There seem to be quite a few moments recently where I'm finding that I'm struggling with my mother.
I am the sibling that lives the closest to her but also I've assumed, more or less, that I will take on the role of local carer. I have a young child and I'm embarking on a new career, so I could never be the full time care for her, but I will certainly be the 'go to' person.
This is not happening yet or indeed in the foreseeable future, as my mother is very healthy and doing well.
But I am getting glimpses of something that I hadn't seen before.
She seems to be more vulnerable and also takes offense more quickly then in past years.

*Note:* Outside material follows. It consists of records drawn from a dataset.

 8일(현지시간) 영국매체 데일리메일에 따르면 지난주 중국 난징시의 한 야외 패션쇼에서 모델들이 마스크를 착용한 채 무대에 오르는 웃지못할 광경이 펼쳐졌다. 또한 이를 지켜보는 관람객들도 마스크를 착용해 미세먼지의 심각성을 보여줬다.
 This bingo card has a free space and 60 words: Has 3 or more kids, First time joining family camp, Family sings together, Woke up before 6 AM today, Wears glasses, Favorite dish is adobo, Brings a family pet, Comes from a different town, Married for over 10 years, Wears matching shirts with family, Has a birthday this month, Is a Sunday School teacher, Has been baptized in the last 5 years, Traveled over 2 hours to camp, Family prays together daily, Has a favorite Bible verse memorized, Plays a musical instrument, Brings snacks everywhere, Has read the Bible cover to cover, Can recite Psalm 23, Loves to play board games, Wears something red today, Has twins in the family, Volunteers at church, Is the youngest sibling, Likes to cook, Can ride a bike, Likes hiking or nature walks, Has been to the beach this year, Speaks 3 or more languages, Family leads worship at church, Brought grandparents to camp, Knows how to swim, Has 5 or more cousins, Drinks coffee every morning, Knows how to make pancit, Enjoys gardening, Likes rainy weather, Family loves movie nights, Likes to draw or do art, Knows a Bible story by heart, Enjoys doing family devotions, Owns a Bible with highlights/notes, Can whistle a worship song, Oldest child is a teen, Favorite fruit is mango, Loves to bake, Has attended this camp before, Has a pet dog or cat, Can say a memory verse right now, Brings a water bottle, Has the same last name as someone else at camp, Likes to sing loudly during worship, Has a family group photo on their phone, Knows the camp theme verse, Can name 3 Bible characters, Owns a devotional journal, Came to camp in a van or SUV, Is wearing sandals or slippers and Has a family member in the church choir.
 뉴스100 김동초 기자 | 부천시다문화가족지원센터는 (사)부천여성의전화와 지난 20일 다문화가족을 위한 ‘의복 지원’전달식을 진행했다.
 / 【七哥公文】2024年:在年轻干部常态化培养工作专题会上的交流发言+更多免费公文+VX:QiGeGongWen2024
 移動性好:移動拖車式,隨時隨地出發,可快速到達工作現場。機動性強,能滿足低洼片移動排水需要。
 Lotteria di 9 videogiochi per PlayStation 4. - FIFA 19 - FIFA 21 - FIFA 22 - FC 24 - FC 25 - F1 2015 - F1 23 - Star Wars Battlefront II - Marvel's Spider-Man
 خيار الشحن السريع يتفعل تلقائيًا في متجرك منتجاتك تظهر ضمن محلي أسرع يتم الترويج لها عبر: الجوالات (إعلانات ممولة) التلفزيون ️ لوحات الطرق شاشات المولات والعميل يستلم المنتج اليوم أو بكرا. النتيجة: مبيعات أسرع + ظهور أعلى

She assumes that when I'm upset about something and I'm showing it in my face, that it has something to do with her or she has done something or that I don't want her here with me.

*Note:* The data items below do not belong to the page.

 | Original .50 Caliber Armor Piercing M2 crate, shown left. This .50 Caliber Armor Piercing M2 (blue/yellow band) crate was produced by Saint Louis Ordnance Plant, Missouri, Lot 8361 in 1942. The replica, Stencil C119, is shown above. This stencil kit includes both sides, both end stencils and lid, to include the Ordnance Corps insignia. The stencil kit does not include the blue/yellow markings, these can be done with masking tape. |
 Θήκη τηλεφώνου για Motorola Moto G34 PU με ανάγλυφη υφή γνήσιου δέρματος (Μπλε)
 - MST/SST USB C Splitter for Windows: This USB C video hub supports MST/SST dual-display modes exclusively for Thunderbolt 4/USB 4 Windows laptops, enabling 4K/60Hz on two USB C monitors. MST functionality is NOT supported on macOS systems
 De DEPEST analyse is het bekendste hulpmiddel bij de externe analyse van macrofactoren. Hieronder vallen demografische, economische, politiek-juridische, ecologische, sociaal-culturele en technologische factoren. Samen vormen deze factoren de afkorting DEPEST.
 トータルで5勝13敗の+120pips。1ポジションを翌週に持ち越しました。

And this is what she did tonight.
After a long story time, my daughter finally cleaned her teeth and climbed into bed. Lots of kisses and hugs from me and her grandma, and her door was closed and I could finish off my chores. I had a wash to get on, so I whizzed around picking up bits of dirty clothing and threw them in the machine. Mum said something, and I simply replied that I needed to get the wash on before it got too late.
Next thing I know, mum is picking up her bag and leaving. There is no kiss goodnight, just a good bye.
What do I do? Should I just let it ride? Was she offended? Do I apologise?
This is really frustrating. It's not easy being a single mum and I really do appreciate all the help she gives me, but I could do without these moody moments or is this simply a by-product of getting older?